## [The task]
From the line with "ヒューマンアカデミーではJA" to the line with "2. Right away, after", retype every line exactly, including those two, and leave out the rest of the data below.

## [Material shown]
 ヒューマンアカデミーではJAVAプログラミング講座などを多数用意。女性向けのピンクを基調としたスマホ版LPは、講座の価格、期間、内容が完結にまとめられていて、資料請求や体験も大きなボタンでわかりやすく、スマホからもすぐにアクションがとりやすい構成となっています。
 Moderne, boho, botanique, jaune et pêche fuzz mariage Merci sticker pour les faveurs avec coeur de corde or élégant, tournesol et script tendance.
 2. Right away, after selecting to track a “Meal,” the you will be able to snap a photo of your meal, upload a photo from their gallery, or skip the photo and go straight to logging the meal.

* * *

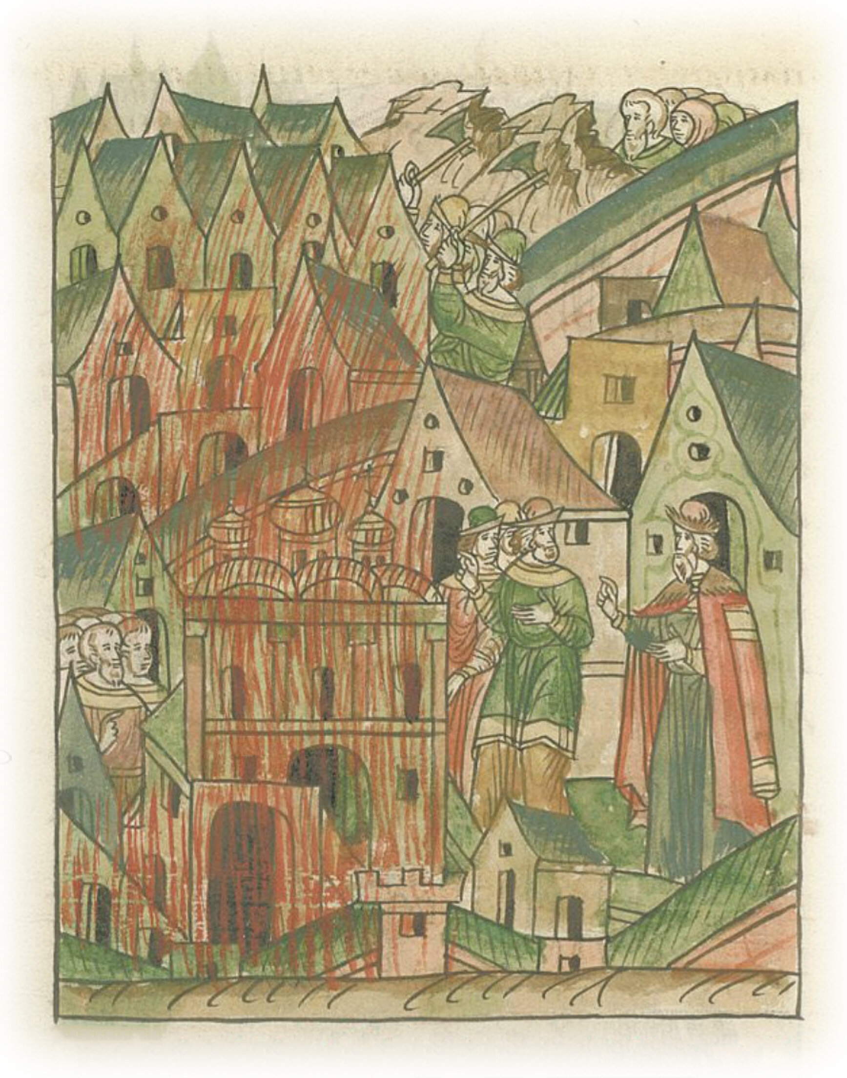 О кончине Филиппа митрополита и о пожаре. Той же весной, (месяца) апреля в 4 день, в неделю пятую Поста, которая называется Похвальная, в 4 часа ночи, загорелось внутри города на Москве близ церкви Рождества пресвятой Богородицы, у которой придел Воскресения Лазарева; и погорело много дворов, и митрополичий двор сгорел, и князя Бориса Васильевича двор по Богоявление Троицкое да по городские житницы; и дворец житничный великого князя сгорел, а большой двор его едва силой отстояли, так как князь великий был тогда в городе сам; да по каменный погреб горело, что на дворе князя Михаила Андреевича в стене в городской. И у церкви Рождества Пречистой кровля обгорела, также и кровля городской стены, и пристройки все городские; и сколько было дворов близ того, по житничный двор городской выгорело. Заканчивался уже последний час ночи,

## [Response area]
 ヒューマンアカデミーではJAVAプログラミング講座などを多数用意。女性向けのピンクを基調としたスマホ版LPは、講座の価格、期間、内容が完結にまとめられていて、資料請求や体験も大きなボタンでわかりやすく、スマホからもすぐにアクションがとりやすい構成となっています。
 Moderne, boho, botanique, jaune et pêche fuzz mariage Merci sticker pour les faveurs avec coeur de corde or élégant, tournesol et script tendance.
 2. Right away, after selecting to track a “Meal,” the you will be able to snap a photo of your meal, upload a photo from their gallery, or skip the photo and go straight to logging the meal.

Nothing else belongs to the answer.